3.3 Other Wooded Land and Trees Outside the Forest

Canada’s NFI uses the FAO definition of forests (as described in Sect. 12.2), but most foresters in Canada would not consider lands having <25 % crown cover at maturity to be ‘forests’. Estimates of national forest and other wooded land areas prior to establishment of the NFI have therefore varied over the years, depending on definitions and assessment techniques used. National estimates are most sensitive to monitoring and assessment of boreal- and taiga-tundra ecotones, which are very large. Canada relies on remote sensing to monitor these systems, and it can be very difficult to definitively classify lands as ‘forest’ or ‘other wooded land’ using the FAO definition. It would be beneficial to have an operational definition of forest that can be applied in the field and directly in remote sensing image interpretation, rather than inferring what is or is not ‘forest’ using measured forest inventory attributes and assumptions about future stand development where mature tree cover is expected but not currently present.
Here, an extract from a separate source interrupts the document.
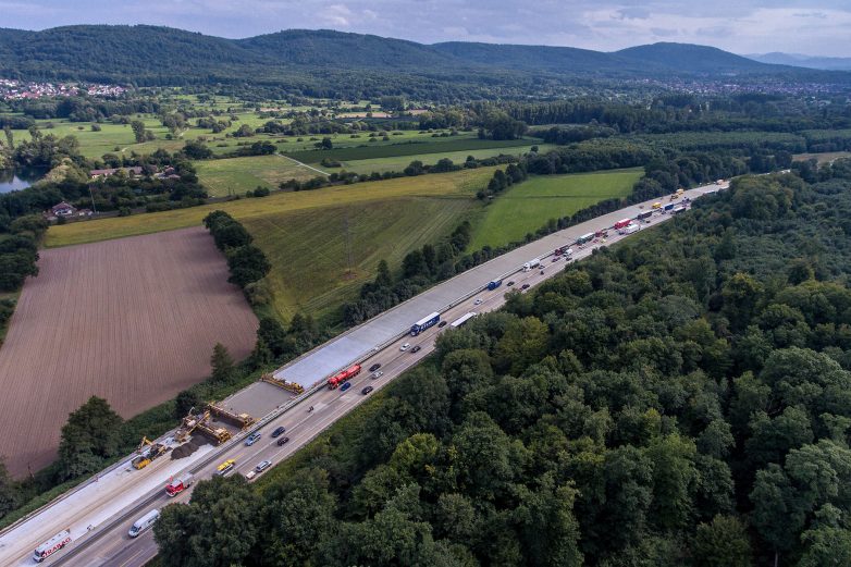 А теперь давайте посмотрим, как строят знаменитые автобаны на примере участка трассы А5 в районе Баден-Бадена.

Other wooded lands and trees outside of forests also occur in southern Canada, and these provide important environmental services. Shelterbelts are planted and maintained on agricultural lands to mitigate the effects of wind erosion (Wiseman et al. 2009) and to provide habitat for wildlife. Farmers often allow woody vegetation to grow on previously cleared agricultural lands when economic conditions do not favour continued cultivation. In some regions, anecdotal evidence suggests that the area of wooded agricultural land has increased significantly since the mid-twentieth century, but no estimates of this increase have been produced yet. In other areas, the conversion of wooded lands to agricultural land uses continues.
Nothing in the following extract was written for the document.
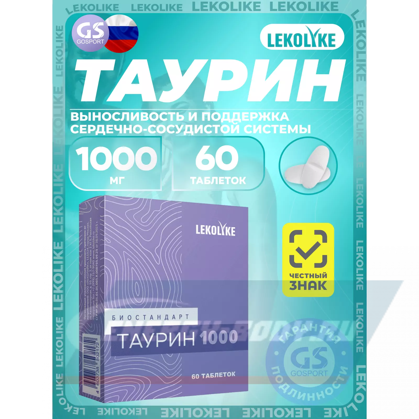 LEKOLIKE Таурин 1000 мг 60 таблеток — Выносливость и поддержка сердечно-сосудистой системы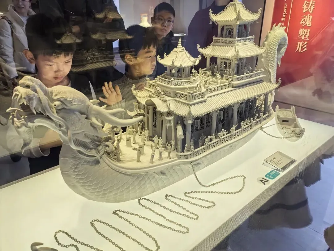 讲解的过程大概1小时,馆里重要的部分都提到了。小姐姐很认真很敬业,真心话,但比起国家博物馆的讲解,有趣借助平板,还有小奖励,中国陶瓷博物馆的讲解要弱多了。真心建议所有的博物馆讲解向国家博物馆学习借鉴下经验,他们会让大人小孩都有收获,都能兼顾,“对于小朋友来说是知新,对于大朋友来说是温故”。让大人和小孩都能真正地走进历史的迷宫,感知厚重的文化底蕴。

Municipalities in Canada maintain urban ‘forests’ that provide a multitude of benefits to Canada’s increasingly urbanised population. Detailed inventories and assessments have been done at the municipal level. Highly successful urban and rural tree planting programs have been implemented, and considerable efforts have been made to manage urban and rural tree health problems caused by alien invasive insects and diseases, such as emerald ash borer (Agrilus planipennis Fairmaire) and Dutch elm disease.

4 Conclusion

Canada’s NFI is a key element of this country’s national forest data and information infrastructure. The computing infrastructure for NFI data management and information dissemination is provided by the National Forest Information System (NFIS; accessible at: nfis.org), which also provides the computing and online data delivery infrastructure for NFD. The NFI and NFD are used in combination, together with data from other federal, provincial and territorial government sources, to produce the information needed for annual state of the forest reporting (e.g. NRCan 2014), for FRA, and to meet other international reporting obligations and domestic data demands.
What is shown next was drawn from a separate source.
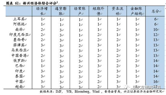 评分显示[2],土耳其和阿根廷是风险最大的国家,当前已经陷入危机;需要重点关注南非和印度尼西亚,菲律宾、墨西哥、马来西亚和香港等。俄罗斯、巴西、印度和泰国中仅有一项评分为1,中国和越南没有指标评分为1项目,整体是较安全的国家。

An important challenge facing Canada’s NFI is the development of new inventory technologies. Computer science and software engineering advances have enabled the development of more robust data loading and validation tools, and new remote sensing technologies create opportunities to collect new types of data (e.g. White et al. 2013, 2014). Canada’s NFI is perhaps more susceptible to technological change than most NFI programs because of its reliance on contemporary remote sensing technology. Canada’s size and lack of a clearly legislated mandate for NFI make it necessary to align the NFI program delivery with provincial and territorial inventory programs, which means that as these programs adopt new remote sensing technologies, so must the NFI. From a NFI perspective, however, any change to established protocols must be approached carefully to ensure that temporal consistency in the data is not compromised.

Meeting all demands for information about national forest resources and their availability is challenging, particularly as new demands for information emerge. NFI programs must evolve to meet emerging demands for forest information, but NFI programs have considerable intrinsic inertia and cannot change direction quickly or easily. NFI programs must also collaborate in order to achieve the level of harmonisation that is needed internationally (Tomppo et al. 2010).